В то же время из-за кустов с криками и выстрелами выбегает несколько человек, затем еще и еще… Плотное кольцо окружает белогвардейцев. Это ребята пережогинского отряда. Их около сотни. У белогвардейцев опускаются руки.

— Что, попались, голубчики! — смеется Бобров.

— Ну, сдавайте оружие и убирайтесь, пока пули вас не догнали.

…Вдали уже показывается дымок паровоза. Через несколько минут с грохотом и шумом приближается поезд, вблизи под’ема заметно замедляя ход. Несколько пережогинцев бросаются к паровозу и ловко вскарабкиваются к машинисту.

Поезд — стоп.

Все бросаются к запломбированным дверям 3-го и 5-го вагонов.

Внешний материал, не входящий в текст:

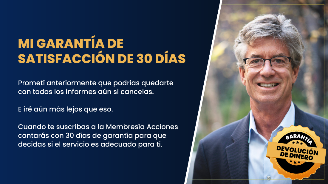 Y si sientes que no he cumplido en ningún aspecto, puedes obtener un reembolso completo en cualquier momento durante los primeros 30 días (lo único que no te devolveremos serán los US$ 20 invertidos en las siete acciones de Inteligencia Artificial en caso de que se haya realizado el giro).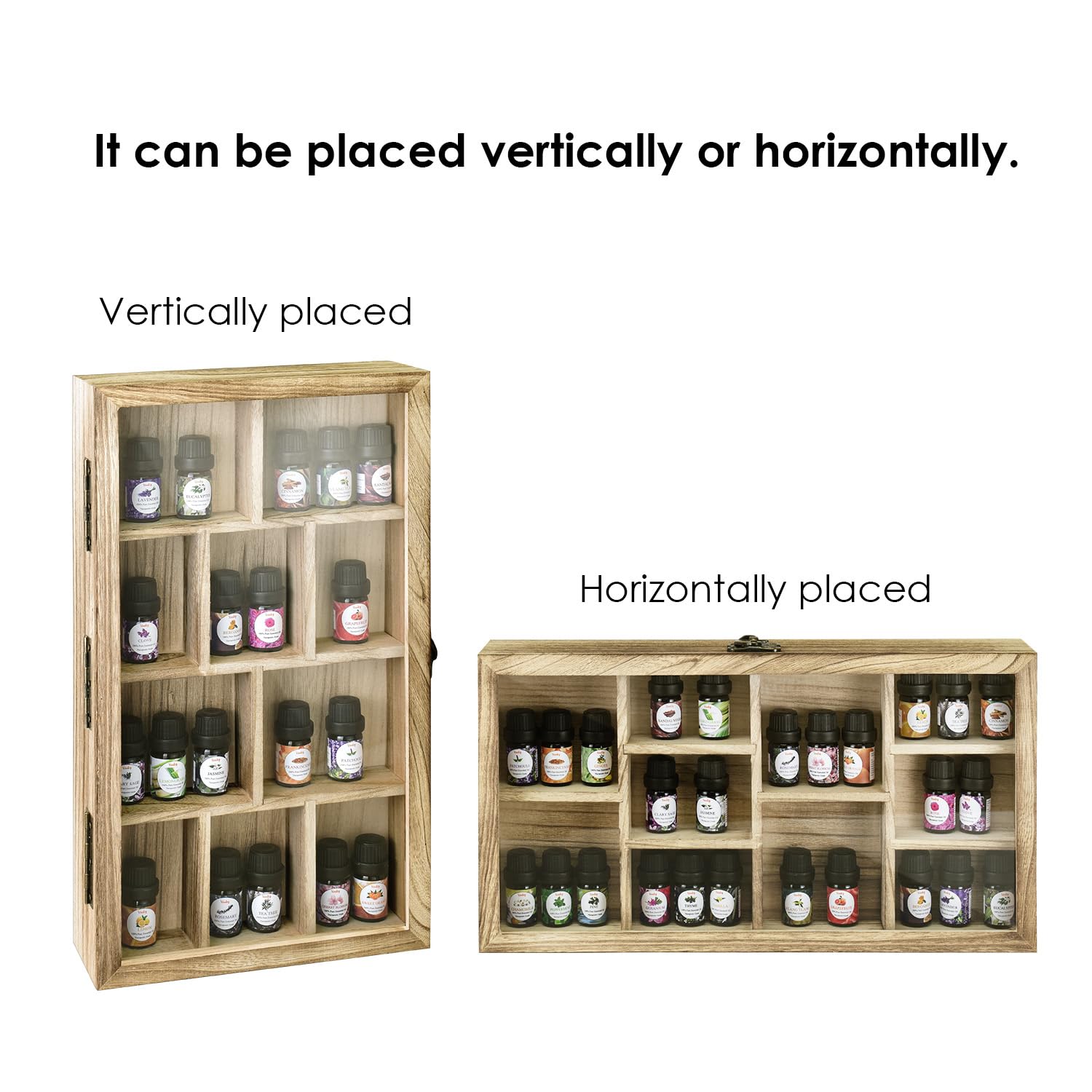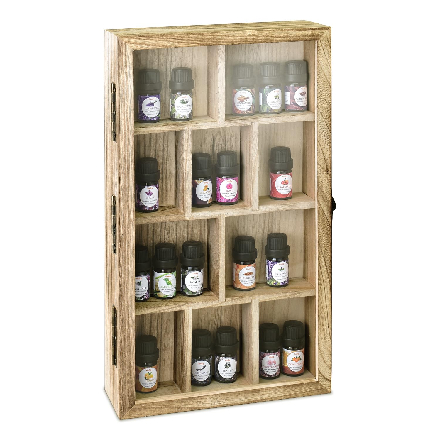 Ikee Design Wooden Collection Display Case with Hinged and Clear Tempered Glass Top, Wall Mounted 10 Slots Wood Display Storage Box for Mini Figures, Collections, Essential Oils, Oak Color

— Даешь золото! — кричит Бобров.

— Золото — наше!

4. Бесхитростный дележ

Там, где кончаются Байкальские туннели, лента рельс вырвавшись из-под сводов, делает крутой поворот на юг, убегая в тайгу, там, под Верхнеудинском; легкими мостами она перебрасывается через Селенгу, Ингоду — скатываясь к песчаной, терпкой смоляными запахами Чите — ключу всего Дальнего Востока.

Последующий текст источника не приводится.